Oleksandriia () is a city located in Oleksandriia Raion, Kirovohrad Oblast (region) in central Ukraine. Administratively, Oleksandriia serves as the administrative center of Oleksandriia Raion (district). Oleksandriia also hosts the administration of Oleksandriia urban hromada, one of the hromadas of Ukraine. 

In 2001, it had a population of 93,357, and including the villages (selo) and urban type settlements in the city municipality a population of 103,856. It had a population of .

History
The city is first mentioned in 1746, as the settlement Usivka (). The official record of the settlement is dated 1754, when the Saint Elizabeth fortress was built in the region (today Kropyvnytskyi). During the establishment of the Russian colony of New Serbia in 1752–64, the 3rd Company of New Serbia was quartered in Usivka Pandurs. In place of Usivka the (sconce) Bechey (after the Serbian city of Bečej) encampment was established.
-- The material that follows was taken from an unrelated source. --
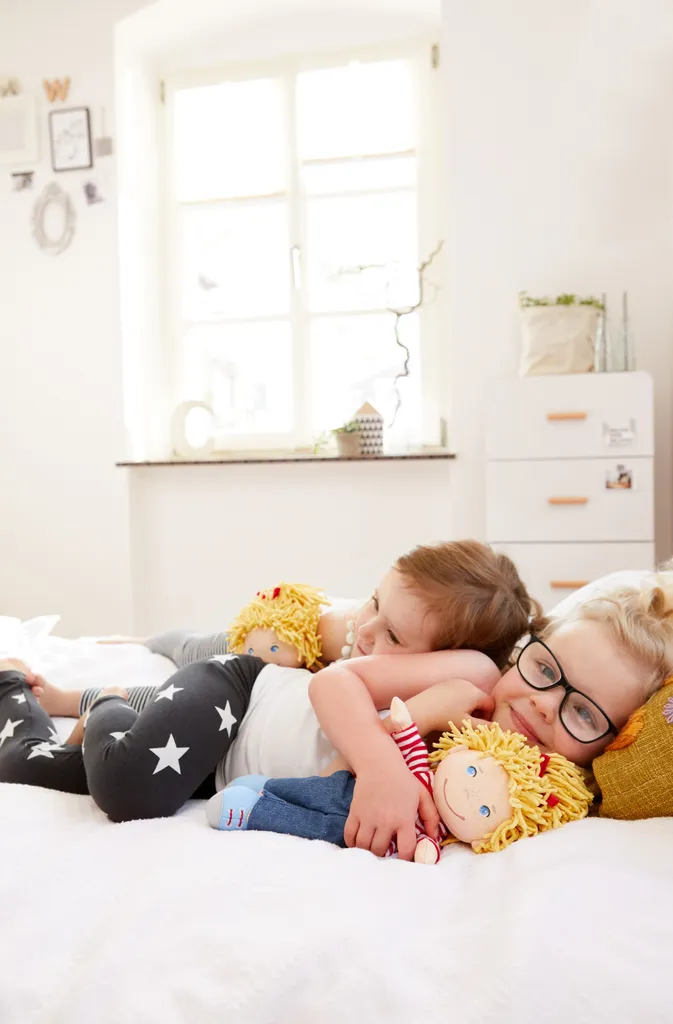 Jetzt können Kinder ihre Lieblingsfigur als Puppe knuddeln, sie überall hin mitnehmen und mit ihr Geschichten erfinden und nachspielen … zu Hause, im Kindergarten oder auf Reisen. Selbstverständlich hat sie einen rot-weiß geringelten Pulli an und eine rote Schleife im Haar aus weichen Chenille-Fäden. Ringelpulli und Jeans können ausgezogen werden, sodass Conni auch leicht mal in andere Klamotten schlüpfen kann.

In 1764, New Serbia was liquidated, and Usykivka became part of the Elizabethan province of Novorossiya Governorate, which existed until 1783, when its territory was included in the Yekaterinoslav Viceroyalty. In 1784, the Russian government gave the settlement a Hellenic name of Aleksandriysk and later Aleksandriya (locally as Oleksandriya). In 1806–1922, Oleksandriya was a county (uyezd) seat.

In 1917, branches of the Ukrainian Free Cossacks appeared on the territory of Oleksandria. In May 1919, the city of Oleksandria was the center of an anti-Bolshevik uprising led by Otaman Nykyfor Hryhoriv. On 23 May 1919, the uprising was brutally suppressed by the forces of the Red Army.
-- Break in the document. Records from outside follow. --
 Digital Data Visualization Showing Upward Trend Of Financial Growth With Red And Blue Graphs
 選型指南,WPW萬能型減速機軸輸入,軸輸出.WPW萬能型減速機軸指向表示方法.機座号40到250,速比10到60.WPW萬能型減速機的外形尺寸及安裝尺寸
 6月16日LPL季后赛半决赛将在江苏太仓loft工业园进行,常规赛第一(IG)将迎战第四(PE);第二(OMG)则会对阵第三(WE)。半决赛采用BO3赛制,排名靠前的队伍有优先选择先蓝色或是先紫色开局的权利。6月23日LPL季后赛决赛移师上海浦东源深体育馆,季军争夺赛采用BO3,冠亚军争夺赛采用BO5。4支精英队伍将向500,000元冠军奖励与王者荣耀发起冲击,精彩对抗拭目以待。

On 6 August 1941, (during World War II) the Red Army of the Soviet Union left the city to the Nazi Germany Wehrmacht without fight. During the Nazi occupation, the city lost almost its entire Jewish population (est. ~2,500). The Nazi administration also executed over 5,500 Soviet prisoners of war as part of the Nazi stance on the issue of the Soviets not signing the 1929 Geneva Convention. The city was recovered by the Soviet armed forces on 6 December 1943.
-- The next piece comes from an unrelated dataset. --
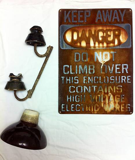 Some stuff I found yesterday. The sign is pretty cool even if it's had better days. The odd piece on the bottom left looks like it could have been a suspension to me but it has a lead threaded pinhole inside.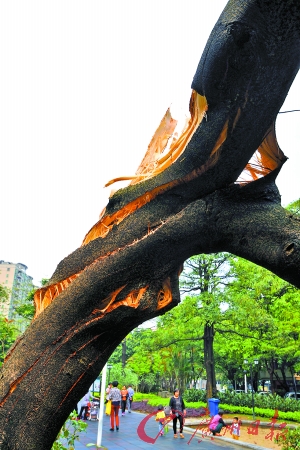 城南小学旁一棵大树被大风拦腰吹断。广州日报记者龙成通摄

Until 18 July 2020, Oleksandriia was designated as a city of oblast significance and belonged to Oleksandriia Municipality. It was the administrative center of Oleksandriia Raion even though it did not belong to the raion. As part of the administrative reform of Ukraine, which reduced the number of raions of Kirovohrad Oblast to four, Oleksandriia Municipality was merged into Oleksandriia Raion.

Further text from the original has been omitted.